America Online, the world’s biggest Internet access provider, may replace Mountain View, California-based Google’s search engine with a product from Microsoft, a person familiar with the matter said yesterday. Microsoft also is considering taking a stake in America Online, a unit of Time Warner Inc., the person said.

Google, which receives 12 percent of its sales from online advertising and other fees generated by America Online, may make a bid to protect that revenue, Merrill’s Lauren Rich Fine wrote in a note to clients today. Losing AOL as a client may potentially cut Google’s earnings per share by 5 percent to 10 percent, she said.

“This would certainly protect Google’s revenues from AOL,” Fine wrote in the report. She rates Google shares “neutral.” A tie- up between Google and AOL may also enable Google to gain a significant amount of content, she said.

Shares of Google, which have risen 56 percent this year, fell 60 cents to $300.81 at 11:22 a.m. in Nasdaq Stock Market composite trading. Stock in Redmond, Washington-based Microsoft fell 18 cents to $26.09 and Yahoo shares fell 19 cents to $33.38.

A Microsoft-AOL combination would bolster both companies’ user counts and range of Web content, heightening competition for Google and Yahoo! Inc., Fine said. Yahoo, based in Sunnyvale, California, is the most-visited Web site.

Google spokesman Steve Langdon didn’t immediately return a call seeking comment.
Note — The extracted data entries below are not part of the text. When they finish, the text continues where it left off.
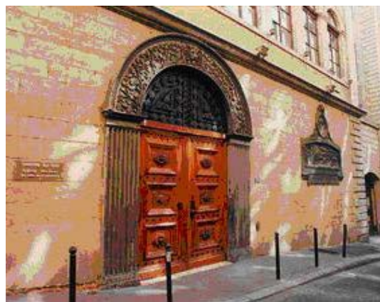
Conditions des soies, BmL

Après le départ des grossistes, le quartier a changé de physionomie.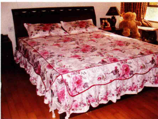
图 1-1 (17) 床上用品平面图案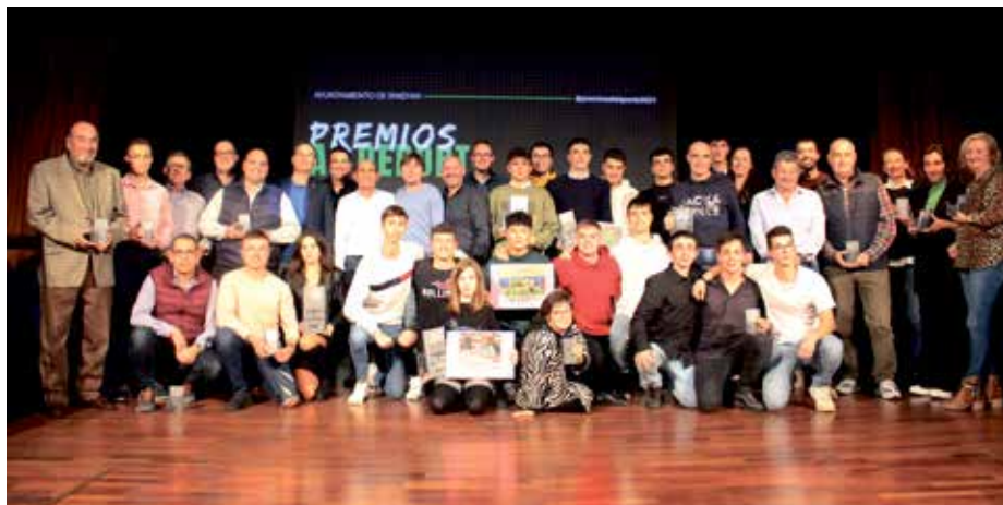
Los premiados posaron juntos con sus galardones

La XX Gala de Premios al Deporte de Binéfar, celebrada el pasado 18 de noviembre en el Teatro Municipal y organizada por el Ayuntamiento de la localidad, premió a deportistas, entidades y personas destacados por sus méritos deportivos durante 2021, así como a José Luis Fondevila, ex futbolista, por su trayectoria vital ligada al deporte. Los premios fueron entregados por el alcalde de Binéfar, Alfonso Adán, y el concejal de Deportes, Juan Carlos García, en un acto donde los deportistas locales, los clubs y las familias fueron los protagonistas.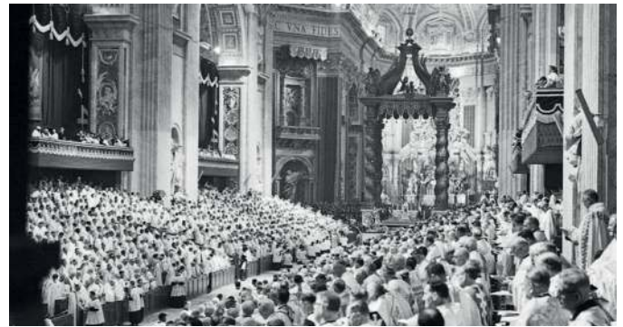
Ouverture du concile Vatican II. Les papes de la 1 re moitié du XX e siècle ont fermement condamné le modernisme et l'œcuménisme... Or ces erreurs ont pénétré progressivement à l'intérieur de l'Église.

Au cours des derniers siècles, de nouvelles erreurs ont contaminé les esprits au sein de la société civile au point de provoquer la Révolution de 1789. En réaction, les papes du XVIII e et du XIX e siècles ont condamné le naturalisme, le rationalisme et le libéralisme, et, durant la première moitié XX e siècle, le modernisme et l'œcuménisme... Or ces erreurs ont pénétré progressivement à l'intérieur de l'Église. Les papes l'ont déploré : Grégoire XVI (1765-1846) ( Mirari vos ), Pie IX (1792-1878) ( Quanta cura et le Syllabus ), Léon XIII (1810-1903) ( Libertas et Immortale Dei ), saint Pie X (1835-1914) ( Pascendi ), mais aussi Pie XI (1857-1939) ( Mortalium animos ), Pie XII ( Humani generis et Mediator Dei ). Citons simplement le grand pape saint Pie X. Dans son encyclique Pascendi , il dénonça le modernisme : « Les artisans de l'erreur, déplorait-il, se cachent dans le sein même et au cœur de l'Église, ennemis d'autant plus redoutables qu'ils le sont moins ouvertement. » Il précise sa pensée en parlant de « prêtres qui imprégnés jusqu'aux moelles d'un venin d'erreur puisé chez les adversaires de la foi catholique, se posent, au mépris de toute modestie, comme renouveaux de l'Église. » En 1909, le pape revient sur le sujet. « Quelques fils dénaturés veulent donner à l'Église une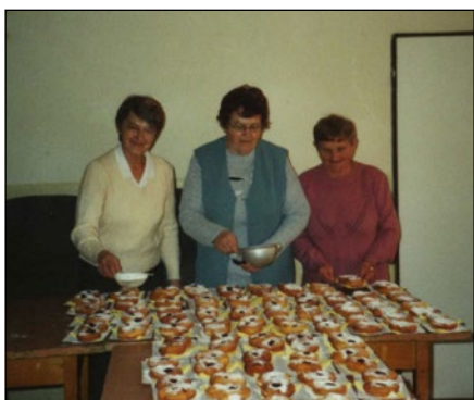
Fašiangové stretnutie pri šiškách

Stretávame sa často pri rôznych príležitostiach aj so starostom obce, s poslancami, prídu nás navštíviť aj naši sponzori, ktorí nám vždy niečím prispievajú k pohosteniu. V klube máme posedenia s členkami ZPOZ-u. Tieto speváčky možno prirovnať k prameňu čistej vody pre smädného, ktorý si chce uhasiť smäd a ovlažiť pery, veď vo svojom nevy-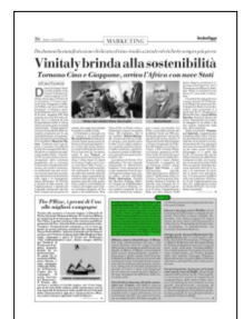
Superficie 4 %

ARTICOLO NON CEDIBILE AD ALTRI AD USO ESCLUSIVO DEL CLIENTE CHE LO RICEVE - L.1721 - T.1721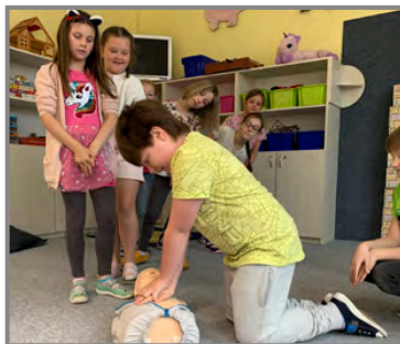
Žáci si vyzkoušeli i masáž srdce na figuríně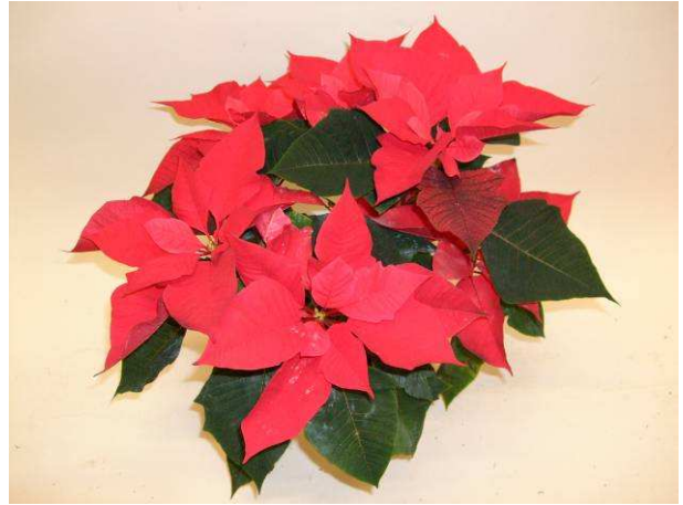
70 Mars Improved (nr 10)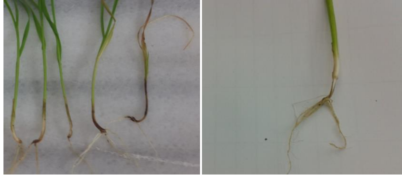
Şekil 3. Fidelerde toprak kaynaklı (sol) ve tohum kaynaklı enfeksiyon (sağ)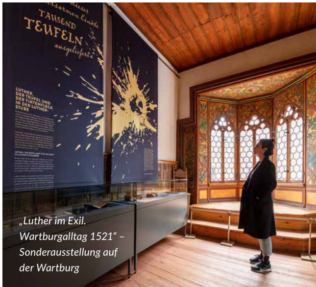
„Luther im Exil. Wartburgalltag 1521“ – Sonderausstellung auf der Wartburg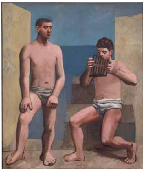
Pablo Picasso La Flûte de Pan Antibes, été 1923 Huile sur toile 205 x 174 cm Musée national Picasso-Paris Dation Pablo Picasso, 1979 © RMN-Grand Palais / Adrien Didierjean © Succession Picasso 2019

Contact : Christine Pinault/ cpinault@picasso.fr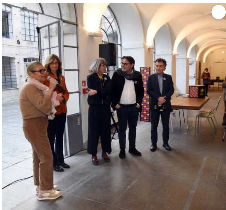
Inaugurate le mostre del progetto "Il passato che saremo" FOTO

Lo scorso venerdì 22 marzo si sono aperte le mostre fotografiche del progetto "Il passato che saremo" che si tengono in due luoghi prestigiosi della città di Biella. Grazie alla collaborazione con il Festival della Fotografia Etica di Lodi sono esposti progetti di fotografi pluripremiati a livello internazionale: Alessandro Cinque, Felipe Fittipaldi, Vincent Tremeau e Isabella Franceschini. Una doppia inaugurazione che ha visto la partecipazione di un folto pubblico.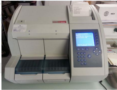
الصورة (1) توضح جهاز minividas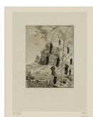
➤ Félix Bracquemond (*Paris 1833 - † Sèvres 1914), Radierer Maulwürfe , 1854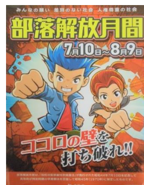
鳥取県部落解放月間のポスター

部落解放月間は「同和对策事業特別措置法」が施行された昭和44（1969）年7月10日を記念して、鳥取県が翌年の昭和45（1970）年に制定しました。毎年7月10日から8月9日の期間中、県民一人ひとりが人権・同和問題を正しく理解し、認識を深めていくための研修会や講演会が行われる月間です。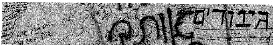
פרויקט תיעוד קירות הגרפיטי אחרי רצח רבין.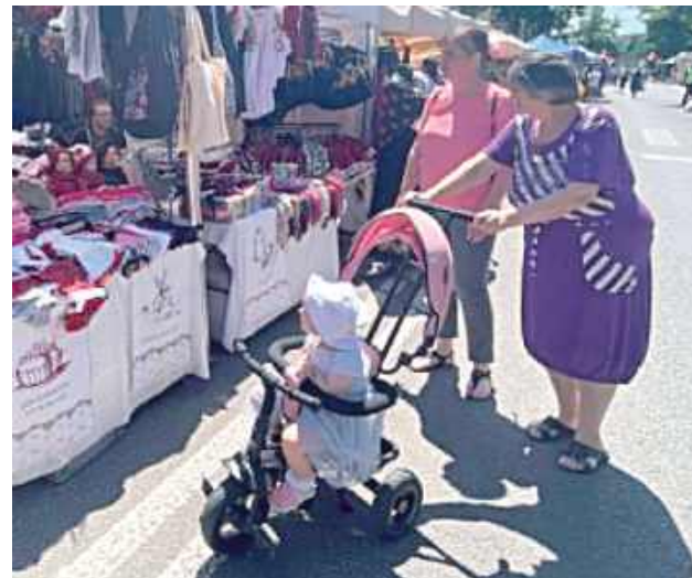
To był weekend inny niż wszystkie w Biłgoraju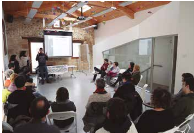
Belaunaldi arteko etxebizitza komunitarioa definitzen hasi ziren joan den larunbatean, Potxoenean.

Bigarren saioa larunbat honetan (otsailak 2), 10:30-12:30 artean Potxoenean. "Biztanleak eta sarrera baldintzak" izango dituzte hizpide. Guztira bost saio aurreikusi dituzte. Gaikako saio bakoitzean, dinamika ezberdinen bidez,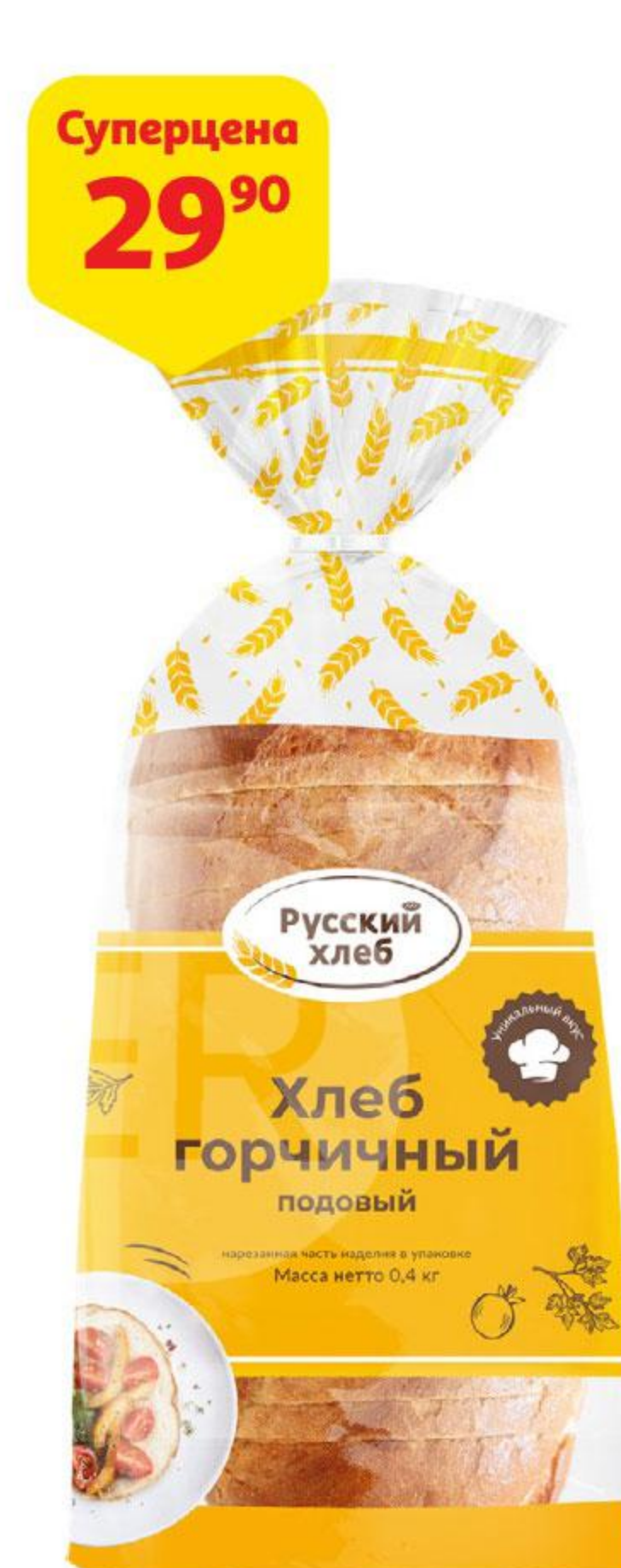
Хлеб РУССКИЙ ХЛЕБ Горчичный нарезка, 400 г

Merrill Lynch spokeswoman Carrie Gray said Fine wasn’t available to comment on the report.

Goldman Sachs Group Inc. analyst Anthony Noto estimates America Online contributed 4 percent to 7 percent of Google’s earnings per share in the first half of 2005. New York-based Noto, who rates Google shares “outperform,” said in a report today that AOL’s contribution to Google’s profits is declining every quarter.